O lugar a ser ocupado pelo PSD, portanto, seria uma espécie de terra de ninguém que abrigaria a todos os que se sentem predestinados a ter relevo na política nacional. Um desaguadouro dos que querem manter equidistância de posições tidas como polares e antitéticas, uma plataforma de onde atrair trânsfugas e incomodados variados, flertar com os poderosos e jogar o jogo do poder. Se chamarem a isso de centro, devemos desconfiar. Não se trata de um centro, mas de um nada.
O ato de criação de um partido político deveria ser saudado como um movimento para emprestar clareza, dignidade e substância à representação política e às disputas eleitorais. O surgimento do PSD não vai nessa direção: é algo feito por políticos para políticos e em nome de conveniências políticas menores. Não diz respeito à sociedade e aos cidadãos. Sendo assim, destina-se a ter vida curta, ou marginal.
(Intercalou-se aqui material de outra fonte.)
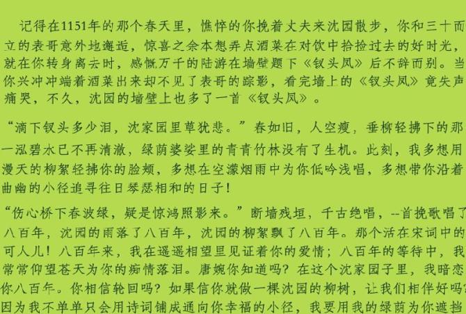[ft=,5,]喜欢陆游唐婉的钗头凤 千古绝唱。[/ft]
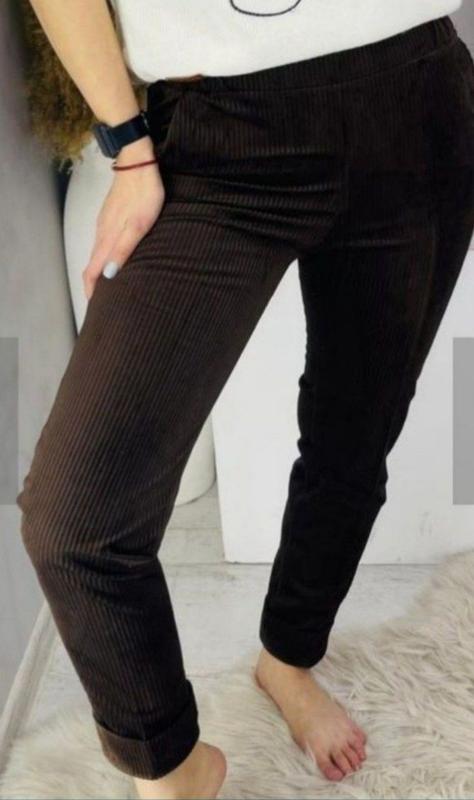 Нові брюки, шоколадного кольору з боковими кишенями. Довжина - 93 см., посадка - 28 см., ззаду- 32 см., ПОБ до 48 см., пояс - резинка тягнеться до 45 см.
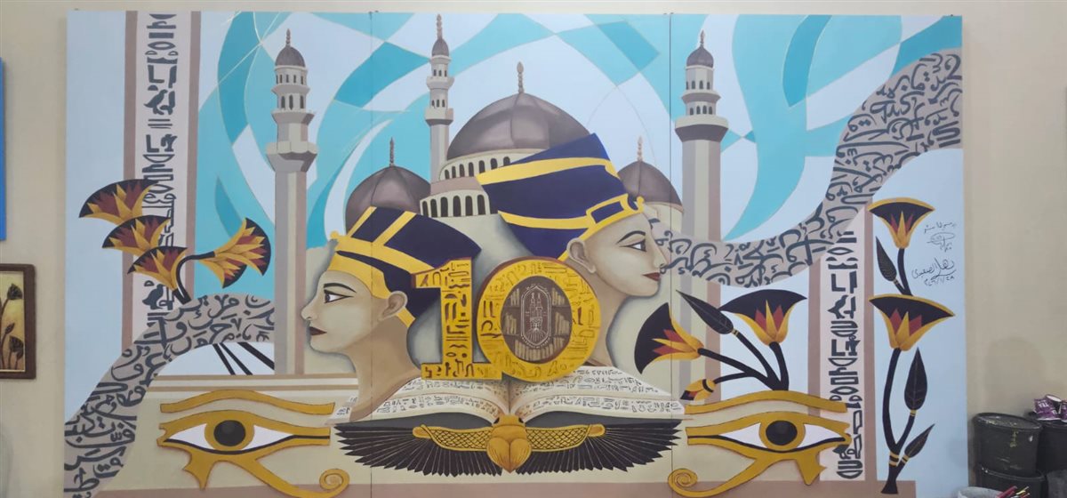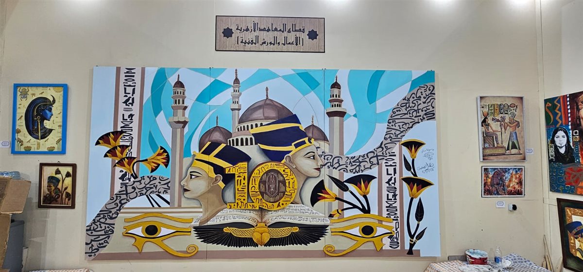 الجدارية تنفذ بأيدي ٥ فنانين مبدعين من رئاسة قطاع المعاهد الأزهرية
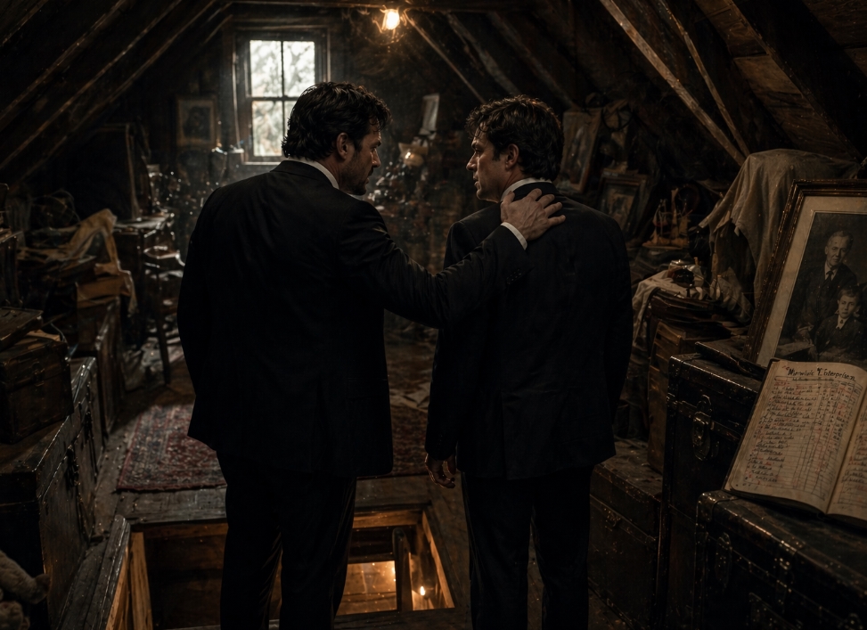 Träpanelerna i korridoren knakade under konfrontationens tyngd, ett ljud som nästan dränktes av de två männens tunga, hackiga andhämtning – som om de delat samma syre hela livet och ändå aldrig kunnat samsas om det.
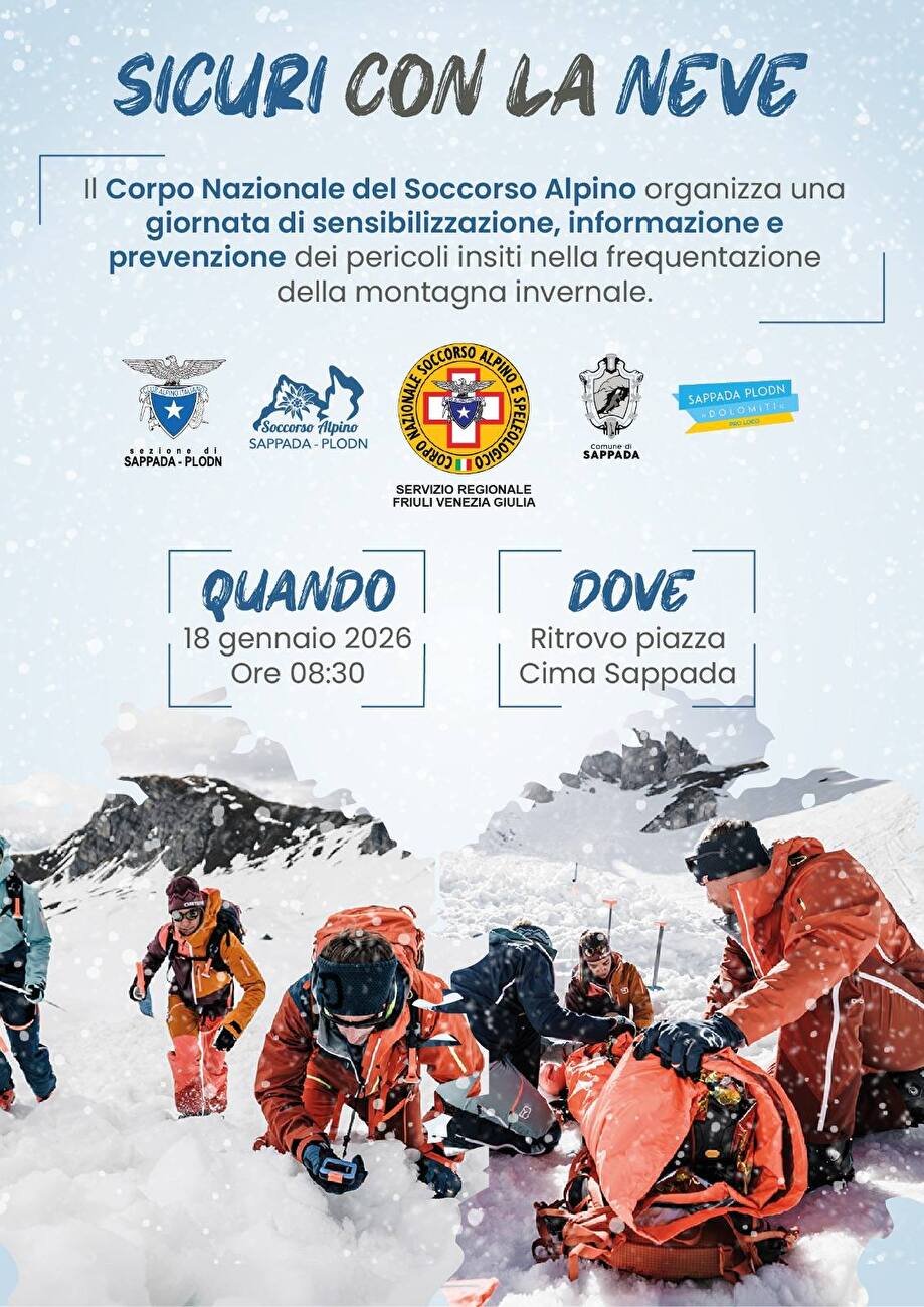 L'appuntamento è per domenica 18 gennaio alle 8.30 a Cima Sappada, presso la piazzetta della chiesa, con i soccorritori della omonima stazione alpina del Soccorso Alpino del Friuli Venezia Giulia, previa comunicazione al numero 347 019 09 82 .
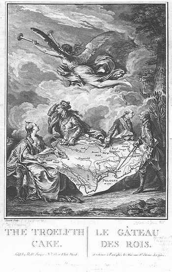 Kołacz królewski – alegoria rozbioru Polski, miedzioryt wykonany na podstawie rysunku przez Nicolasa Noël Le Mire. Wikimedia Commons – repozytorium wolnych zasobów. Znam ten obraz odkąd tylko patrzyłem ze zrozumieniem – oryginalny miedzioryt wisiał na ścianie w pokoju rodziców.
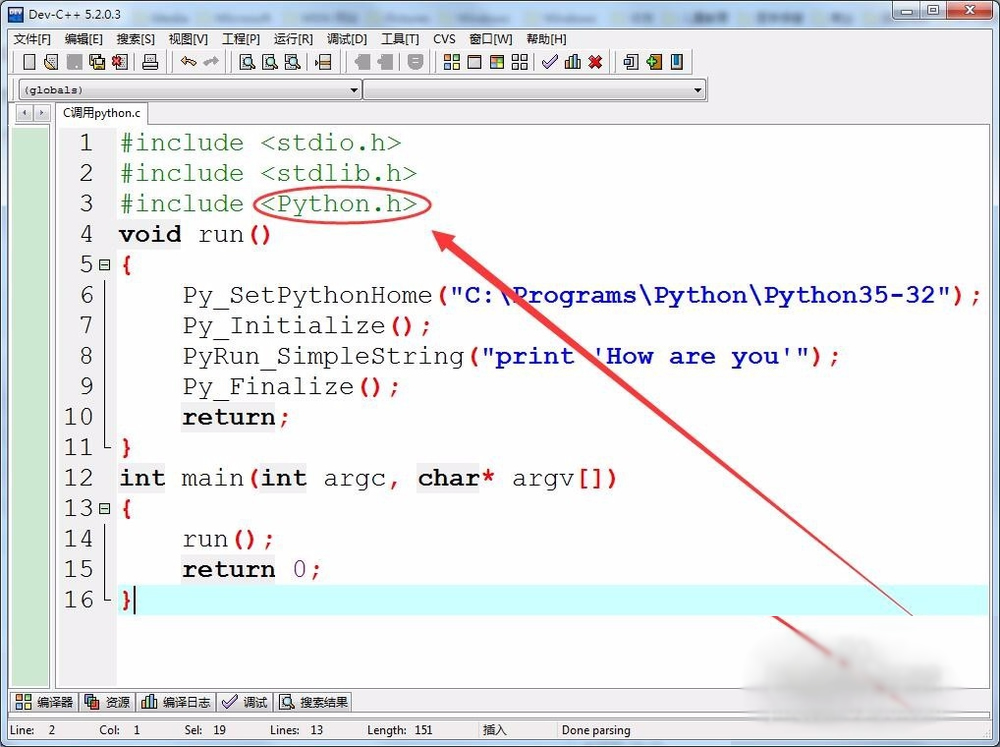 首先,C语言中调用python,要使用头文件Python.h。
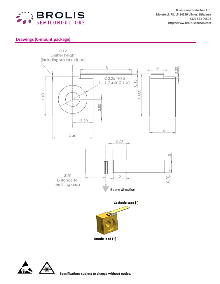 波長: 2300nm-2300nm 出力: 500mW-500mW パッケージ: c-mount テクノロジー: Fabry-Perot
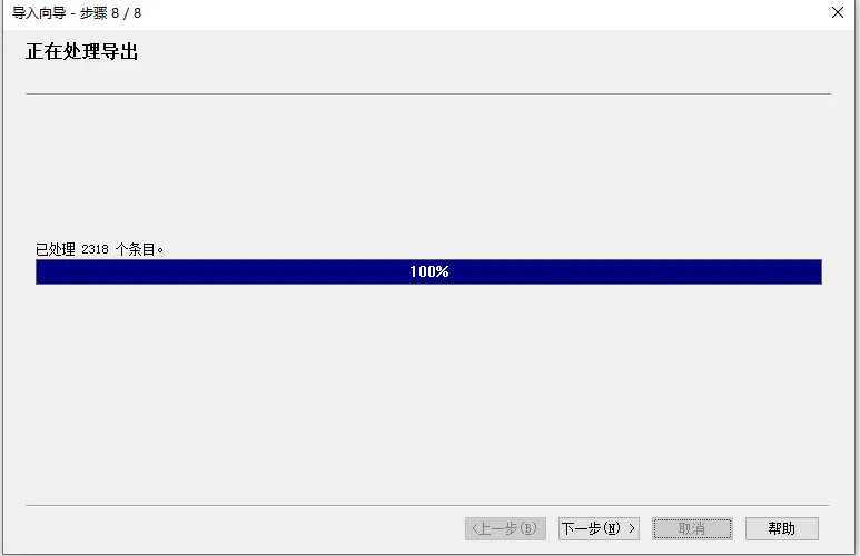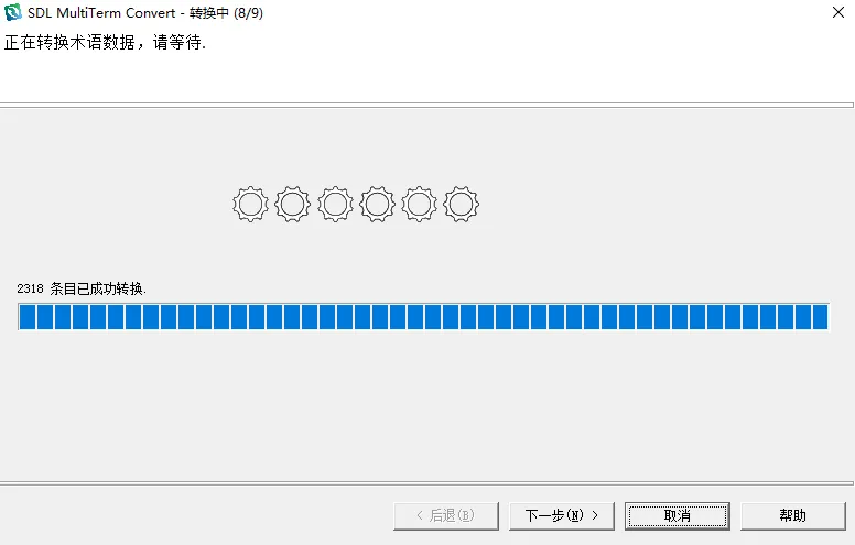 接着,将 excel 文档转换成 Trados 可识别的 xml 格式的 mtf 文件。利用SDL MultiTerm Convert 完成此步骤,转换术语数据时如下图所示,总共成功完成 2318 条目转换。
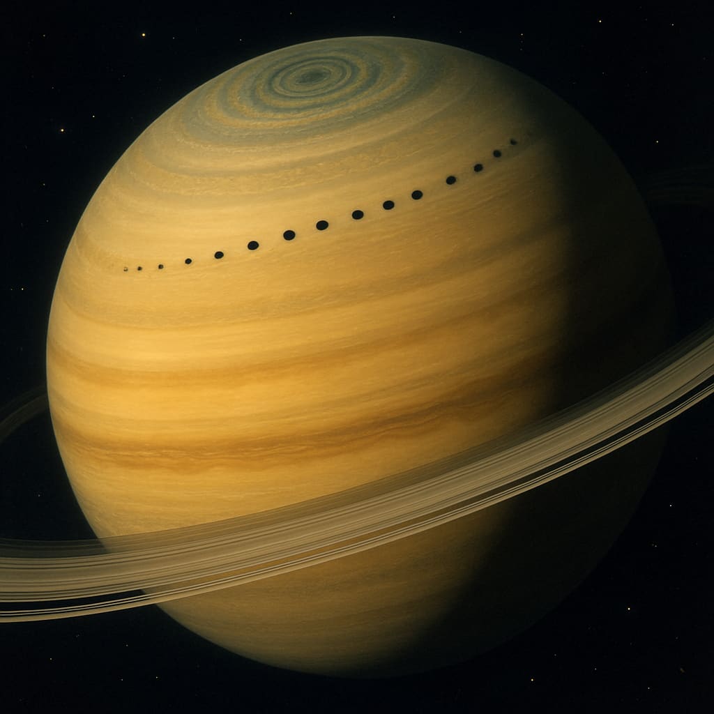 On the processed infrared images, astronomers noticed chains of dark spots aligned near Saturn’s pole. Each one was small compared to the vastness of the planet, but together they formed repeating patterns that looked almost deliberate. Imagine holding a string of beads against the backdrop of Saturn’s swirling clouds—that’s what researchers saw.
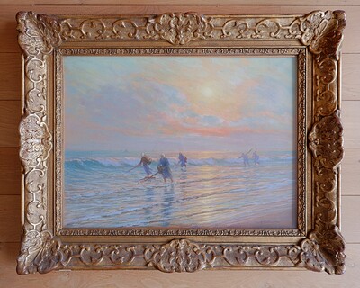 Paul Mathieu (1872 - 1932) "Le dragueur" - painting on panel/Belgian School
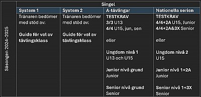 Inför säsong 24/25 ändras tävlingsbenämningarna från tidigare A-tävling, Klubbtävling och Stjärntävling till A-tävling, System 2-tävling och System 1-tävling.
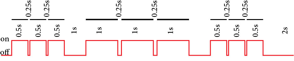 The concept I will work on to my make the light blink as ( SOS), from what I read on the net about programming, you need as the first step to identify what your program should do (function), when I push the button the light will send SOS light message as long as I hold the button down. so I found the code for SOS ( --- __ __ __ --- ), I will make each dash blink for 1/2 a second, and the space between each dash 1/4 second with a 1 second off between small dashes and big dashes ( waiting time ) when the SOS light end to loop it, there is a waiting for 2 seconds before it starts sending the SOS light message
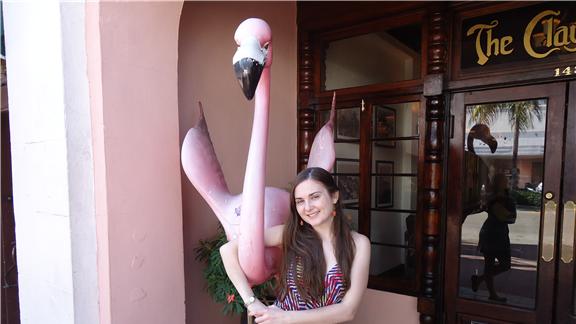 Emily Miethner hugged a flamingo statue.
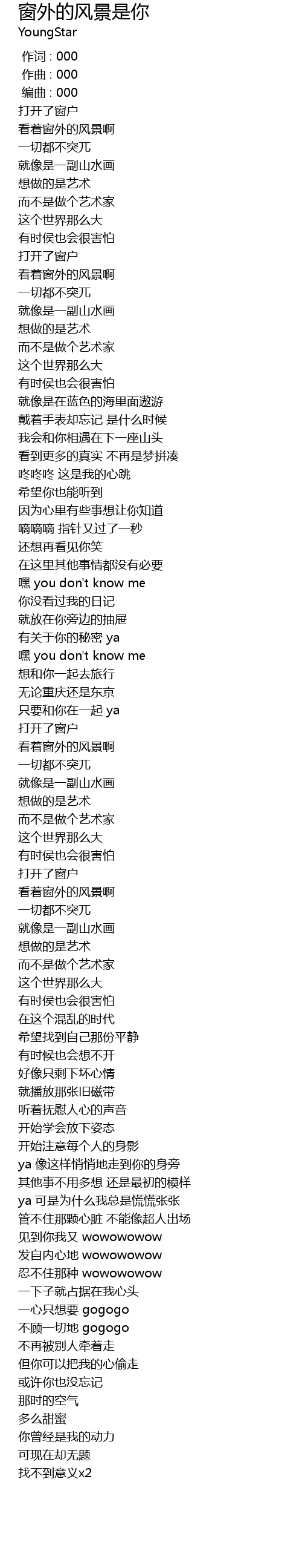 | [00:00.000] | 作词 : 000 |
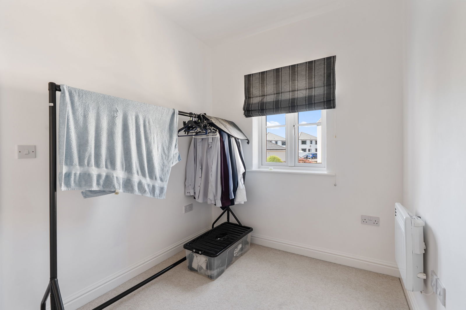 2 spacious storage cupboards. Modern electric radiator.
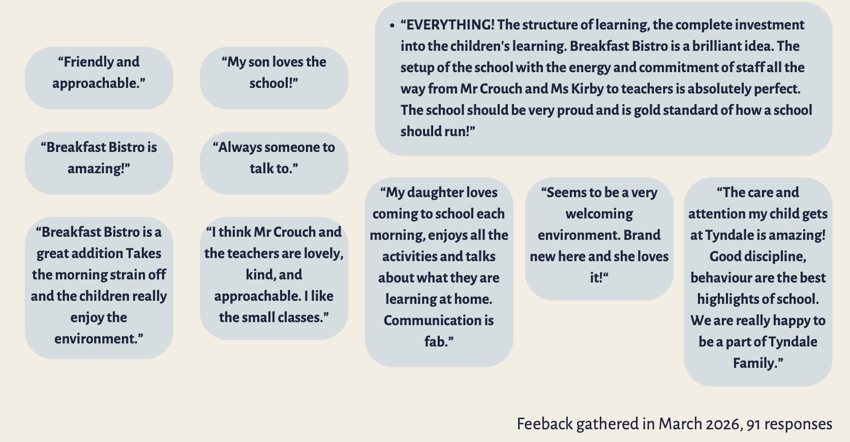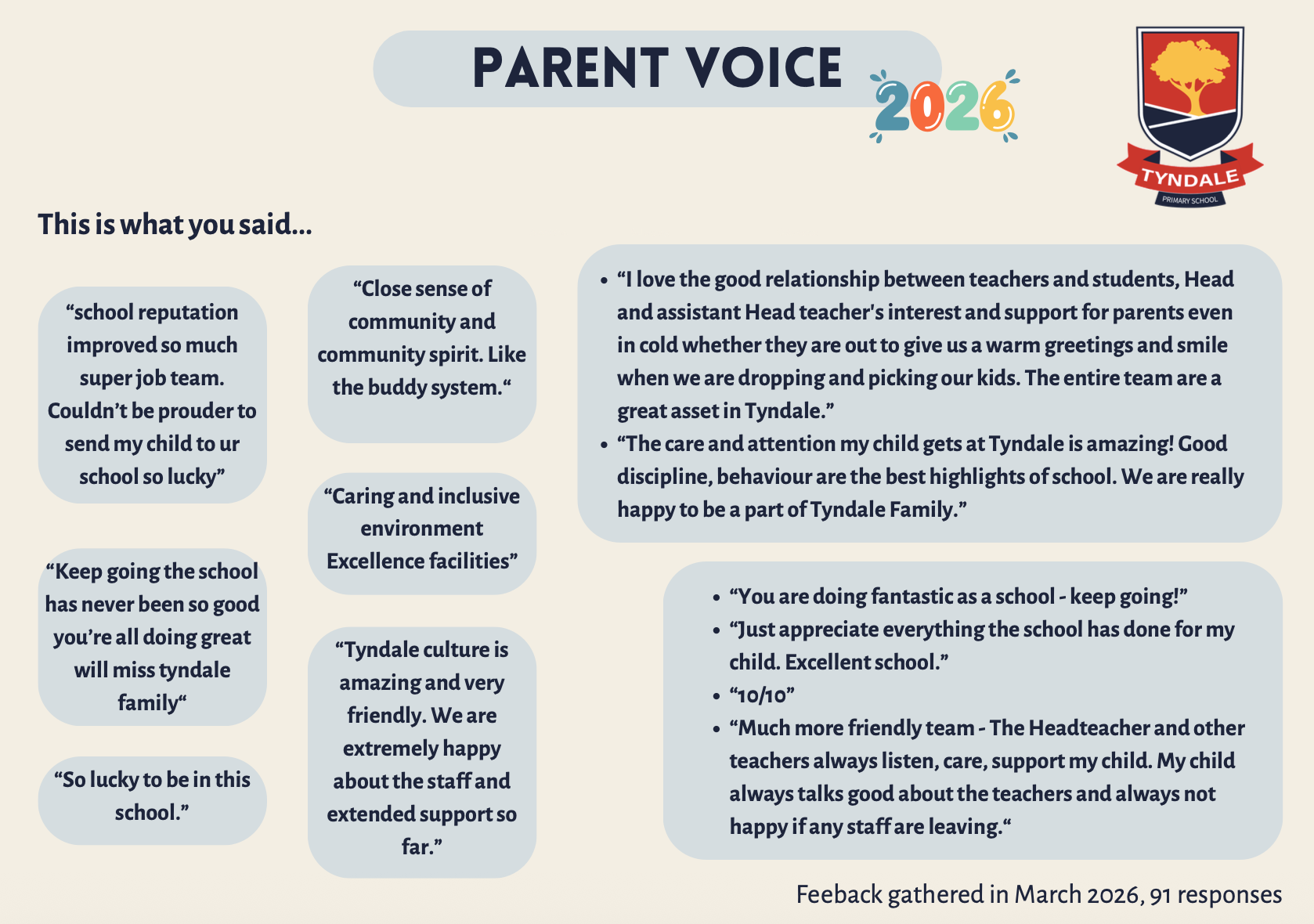 In March 2026, at our Academic Review Day and through an online form, we asked parents/carers to give us some feedback about how we were doing and what we could do to improve.

O prefeito Kassab não é dono exclusivo da iniciativa. Está acompanhado por políticos que com ele compartilham projetos de poder, interesses e trajetórias. São políticos que já vestiram muitas camisas e se vincularam a siglas, lideranças e projetos diversificados, nem sempre coerentes entre si. Não devem ser condenados por isso, mas não há como converter o trajeto que seguiram e as opções que fizeram em exemplo de conduta. [Publicado em O Estado de S. Paulo, 26/03/2011, p. A2).